▶ **SUPPLIED DATA**
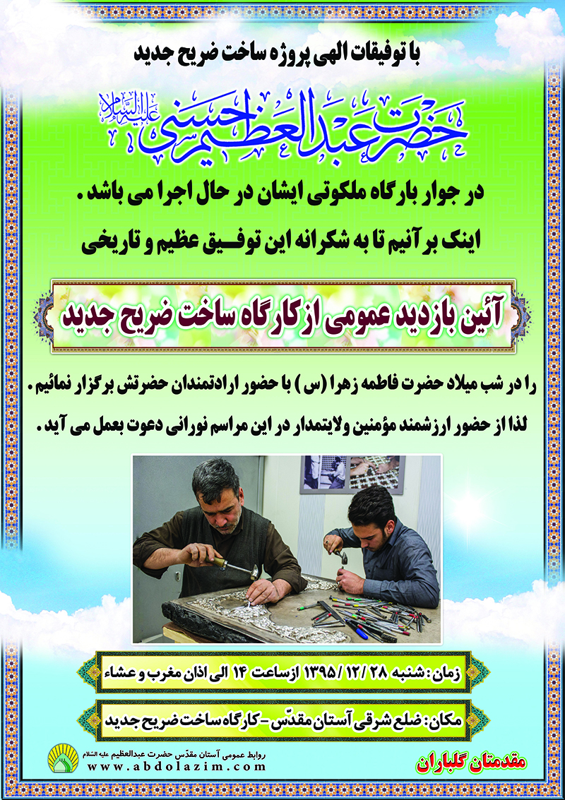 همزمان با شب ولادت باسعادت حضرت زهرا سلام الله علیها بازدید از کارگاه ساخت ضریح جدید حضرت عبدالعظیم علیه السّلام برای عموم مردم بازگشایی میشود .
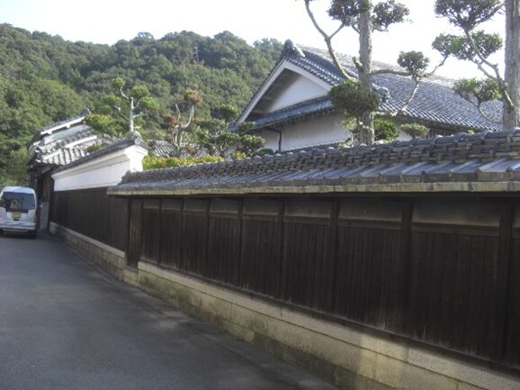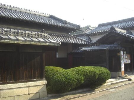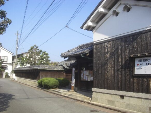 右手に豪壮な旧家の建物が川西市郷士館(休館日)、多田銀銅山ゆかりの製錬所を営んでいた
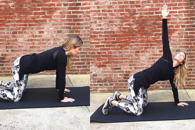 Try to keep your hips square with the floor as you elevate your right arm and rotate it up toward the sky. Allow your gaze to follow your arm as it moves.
...
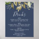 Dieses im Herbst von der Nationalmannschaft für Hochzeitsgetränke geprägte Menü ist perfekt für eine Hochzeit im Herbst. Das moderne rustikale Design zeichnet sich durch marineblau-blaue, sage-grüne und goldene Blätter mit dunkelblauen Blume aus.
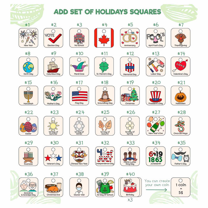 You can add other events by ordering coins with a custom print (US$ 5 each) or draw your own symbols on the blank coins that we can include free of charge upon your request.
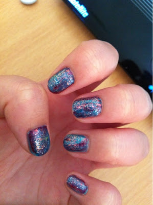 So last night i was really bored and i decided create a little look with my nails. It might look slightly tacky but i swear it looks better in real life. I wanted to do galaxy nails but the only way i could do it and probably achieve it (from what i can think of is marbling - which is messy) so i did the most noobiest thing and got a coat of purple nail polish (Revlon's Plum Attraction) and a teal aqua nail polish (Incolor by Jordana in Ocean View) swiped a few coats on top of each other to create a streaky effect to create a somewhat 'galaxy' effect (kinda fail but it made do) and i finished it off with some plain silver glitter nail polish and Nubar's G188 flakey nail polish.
...
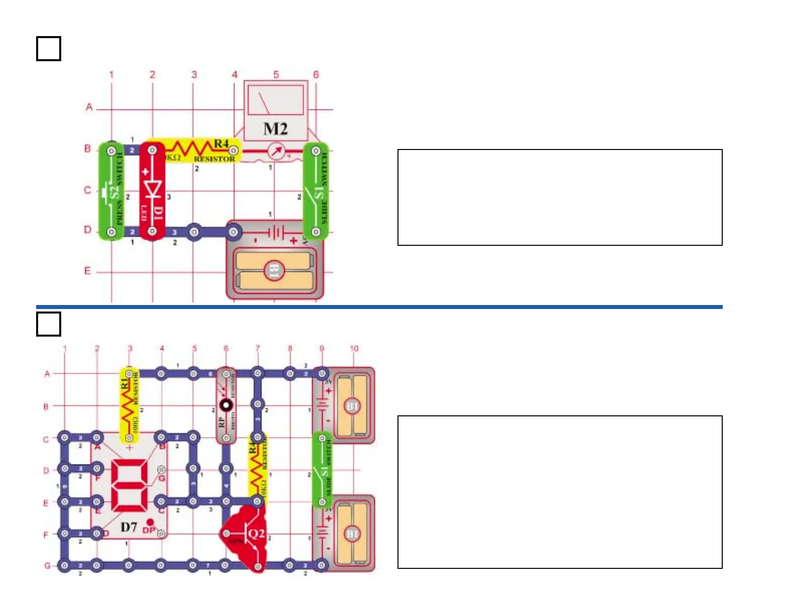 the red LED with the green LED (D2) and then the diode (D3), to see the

▶ **TRY IT**
From the data above, return only the lines starting at the line that holds "右手に豪壮な旧家の建物が川西" and ending at the line that holds "Try to keep", word for word and without pictures.

▶ **TASK RESPONSE**
 右手に豪壮な旧家の建物が川西市郷士館(休館日)、多田銀銅山ゆかりの製錬所を営んでいた
 Try to keep your hips square with the floor as you elevate your right arm and rotate it up toward the sky. Allow your gaze to follow your arm as it moves.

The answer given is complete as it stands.